━━━━━ GIVEN INFORMATION ━━━━━

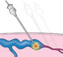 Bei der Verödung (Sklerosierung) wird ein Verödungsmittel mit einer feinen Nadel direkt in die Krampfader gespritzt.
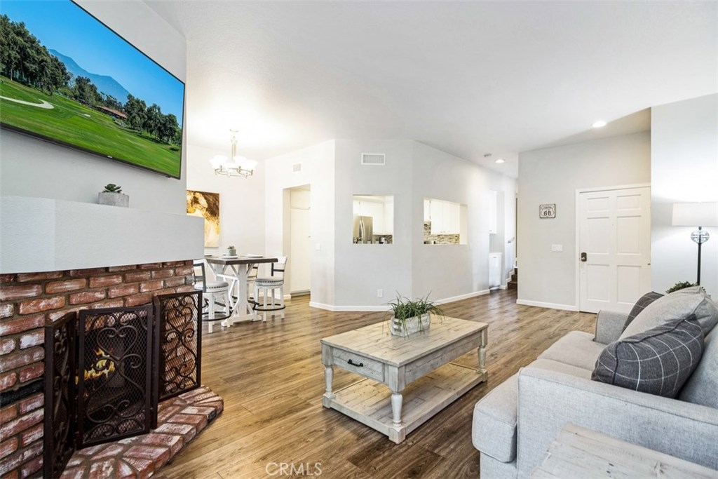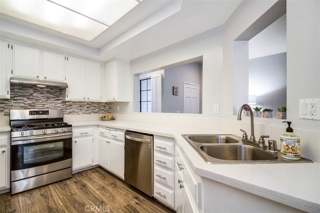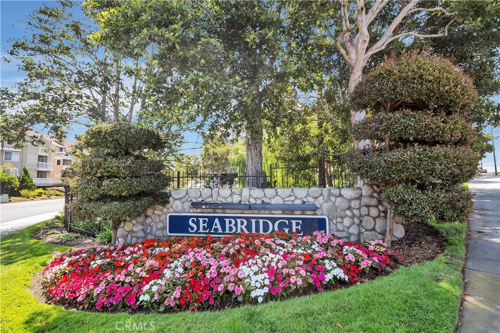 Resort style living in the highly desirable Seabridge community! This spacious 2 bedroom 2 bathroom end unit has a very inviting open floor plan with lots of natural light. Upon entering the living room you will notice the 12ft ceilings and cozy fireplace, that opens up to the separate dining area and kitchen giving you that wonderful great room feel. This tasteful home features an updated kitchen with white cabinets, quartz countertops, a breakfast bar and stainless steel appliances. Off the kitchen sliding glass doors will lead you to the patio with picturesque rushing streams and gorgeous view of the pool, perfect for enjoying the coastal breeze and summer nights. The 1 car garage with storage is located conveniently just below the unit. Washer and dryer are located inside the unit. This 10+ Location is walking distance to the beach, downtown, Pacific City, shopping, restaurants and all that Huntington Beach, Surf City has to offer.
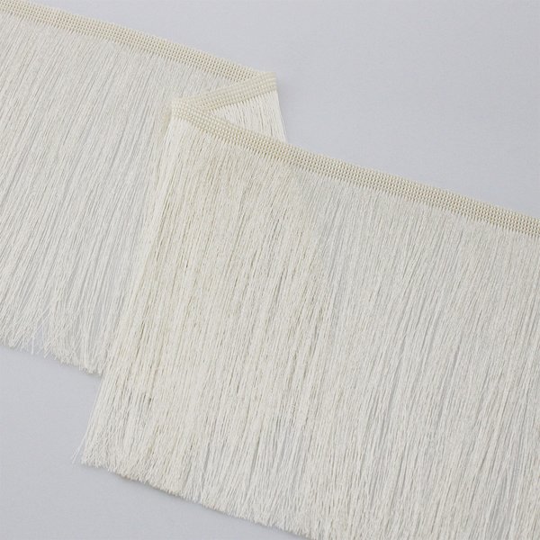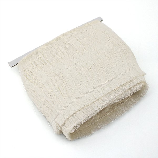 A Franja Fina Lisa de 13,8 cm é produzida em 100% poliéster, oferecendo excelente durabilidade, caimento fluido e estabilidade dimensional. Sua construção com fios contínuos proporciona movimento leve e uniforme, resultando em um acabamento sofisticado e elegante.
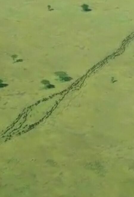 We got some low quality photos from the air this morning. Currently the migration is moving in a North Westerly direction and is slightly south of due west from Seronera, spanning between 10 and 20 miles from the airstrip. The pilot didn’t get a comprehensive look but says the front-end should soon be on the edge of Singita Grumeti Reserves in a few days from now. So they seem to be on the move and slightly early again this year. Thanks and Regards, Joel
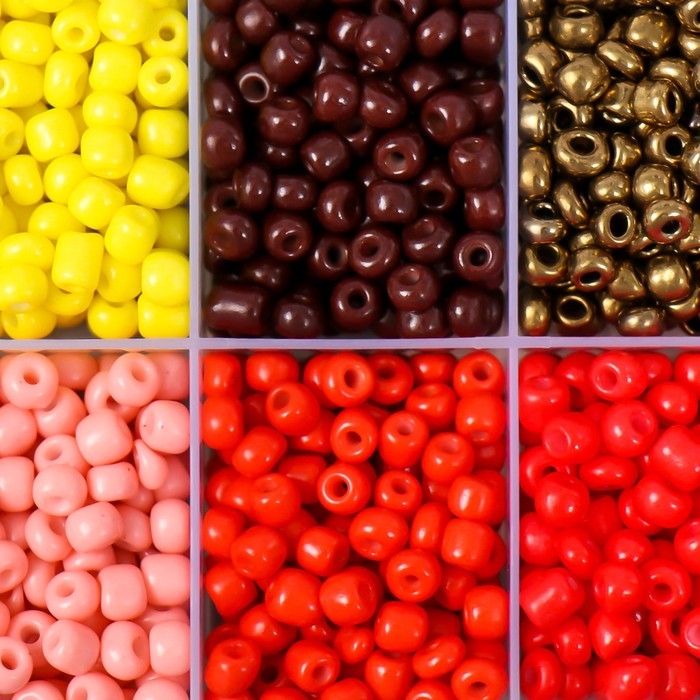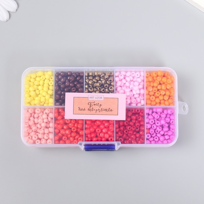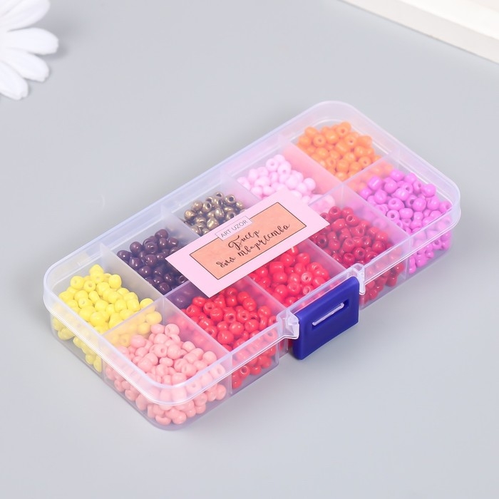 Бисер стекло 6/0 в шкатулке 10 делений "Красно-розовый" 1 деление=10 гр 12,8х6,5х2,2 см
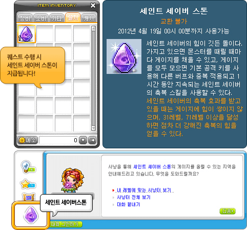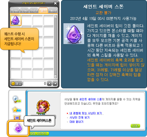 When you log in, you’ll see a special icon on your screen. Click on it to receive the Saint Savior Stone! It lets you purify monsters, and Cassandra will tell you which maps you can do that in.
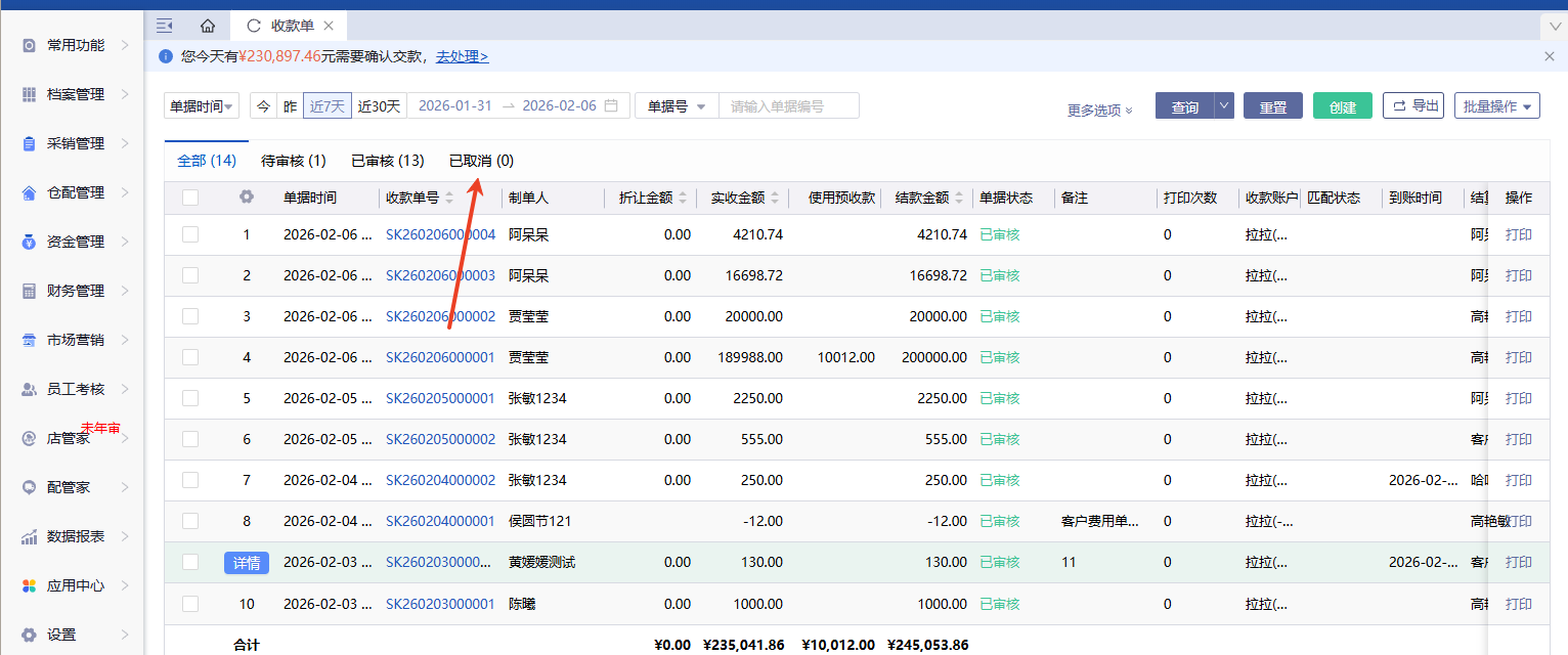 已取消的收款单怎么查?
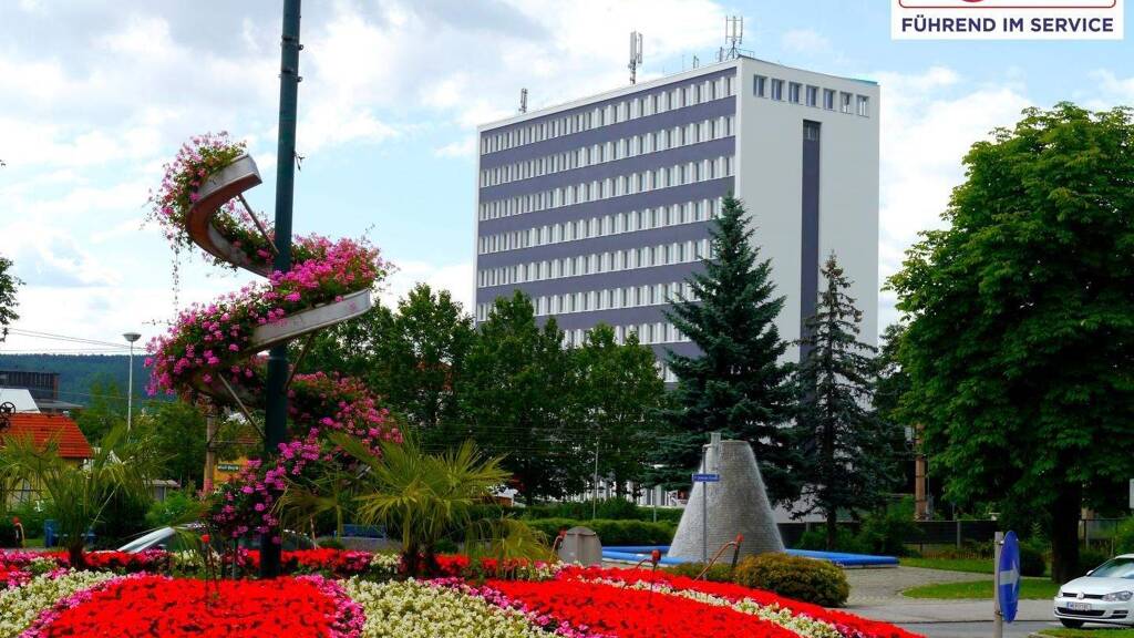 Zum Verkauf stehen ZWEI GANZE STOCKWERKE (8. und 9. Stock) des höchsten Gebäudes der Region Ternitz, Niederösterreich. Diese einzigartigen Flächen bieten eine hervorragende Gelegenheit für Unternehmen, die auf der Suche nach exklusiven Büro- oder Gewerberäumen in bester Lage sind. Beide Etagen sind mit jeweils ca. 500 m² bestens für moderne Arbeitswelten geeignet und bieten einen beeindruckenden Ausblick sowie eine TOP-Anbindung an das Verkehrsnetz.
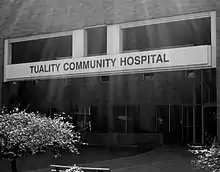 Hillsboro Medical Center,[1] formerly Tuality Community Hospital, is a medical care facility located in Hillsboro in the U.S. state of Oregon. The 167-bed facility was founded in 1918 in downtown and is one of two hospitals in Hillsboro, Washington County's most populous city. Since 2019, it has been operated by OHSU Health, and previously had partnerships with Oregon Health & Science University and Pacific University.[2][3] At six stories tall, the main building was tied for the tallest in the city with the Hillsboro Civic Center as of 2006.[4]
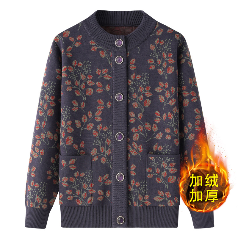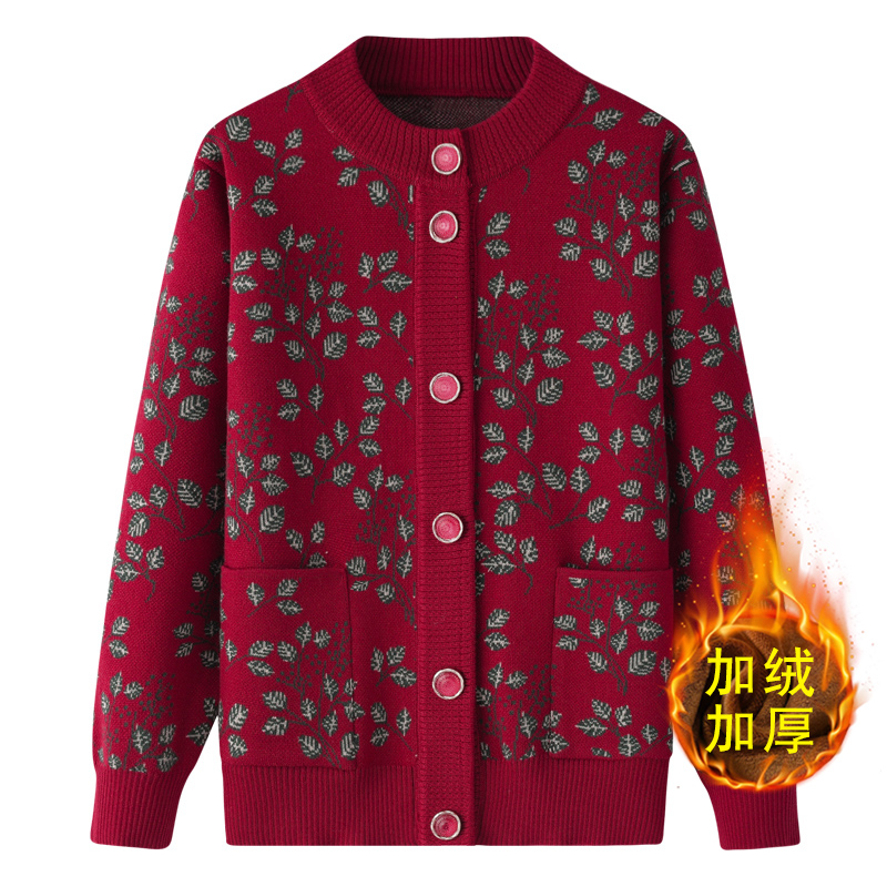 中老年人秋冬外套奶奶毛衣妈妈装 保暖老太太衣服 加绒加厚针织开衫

━━━━━

◆ **HOW TO COMPLETE THIS TASK**: Please copy out each line above exactly as written, but not the pictures.

◆ **RESPONSE TO THE TASK**:
 Bei der Verödung (Sklerosierung) wird ein Verödungsmittel mit einer feinen Nadel direkt in die Krampfader gespritzt.
 Resort style living in the highly desirable Seabridge community! This spacious 2 bedroom 2 bathroom end unit has a very inviting open floor plan with lots of natural light. Upon entering the living room you will notice the 12ft ceilings and cozy fireplace, that opens up to the separate dining area and kitchen giving you that wonderful great room feel. This tasteful home features an updated kitchen with white cabinets, quartz countertops, a breakfast bar and stainless steel appliances. Off the kitchen sliding glass doors will lead you to the patio with picturesque rushing streams and gorgeous view of the pool, perfect for enjoying the coastal breeze and summer nights. The 1 car garage with storage is located conveniently just below the unit. Washer and dryer are located inside the unit. This 10+ Location is walking distance to the beach, downtown, Pacific City, shopping, restaurants and all that Huntington Beach, Surf City has to offer.
 A Franja Fina Lisa de 13,8 cm é produzida em 100% poliéster, oferecendo excelente durabilidade, caimento fluido e estabilidade dimensional. Sua construção com fios contínuos proporciona movimento leve e uniforme, resultando em um acabamento sofisticado e elegante.
 We got some low quality photos from the air this morning. Currently the migration is moving in a North Westerly direction and is slightly south of due west from Seronera, spanning between 10 and 20 miles from the airstrip. The pilot didn’t get a comprehensive look but says the front-end should soon be on the edge of Singita Grumeti Reserves in a few days from now. So they seem to be on the move and slightly early again this year. Thanks and Regards, Joel
 Бисер стекло 6/0 в шкатулке 10 делений "Красно-розовый" 1 деление=10 гр 12,8х6,5х2,2 см
 When you log in, you’ll see a special icon on your screen. Click on it to receive the Saint Savior Stone! It lets you purify monsters, and Cassandra will tell you which maps you can do that in.
 已取消的收款单怎么查?
 Zum Verkauf stehen ZWEI GANZE STOCKWERKE (8. und 9. Stock) des höchsten Gebäudes der Region Ternitz, Niederösterreich. Diese einzigartigen Flächen bieten eine hervorragende Gelegenheit für Unternehmen, die auf der Suche nach exklusiven Büro- oder Gewerberäumen in bester Lage sind. Beide Etagen sind mit jeweils ca. 500 m² bestens für moderne Arbeitswelten geeignet und bieten einen beeindruckenden Ausblick sowie eine TOP-Anbindung an das Verkehrsnetz.
 Hillsboro Medical Center,[1] formerly Tuality Community Hospital, is a medical care facility located in Hillsboro in the U.S. state of Oregon. The 167-bed facility was founded in 1918 in downtown and is one of two hospitals in Hillsboro, Washington County's most populous city. Since 2019, it has been operated by OHSU Health, and previously had partnerships with Oregon Health & Science University and Pacific University.[2][3] At six stories tall, the main building was tied for the tallest in the city with the Hillsboro Civic Center as of 2006.[4]
 中老年人秋冬外套奶奶毛衣妈妈装 保暖老太太衣服 加绒加厚针织开衫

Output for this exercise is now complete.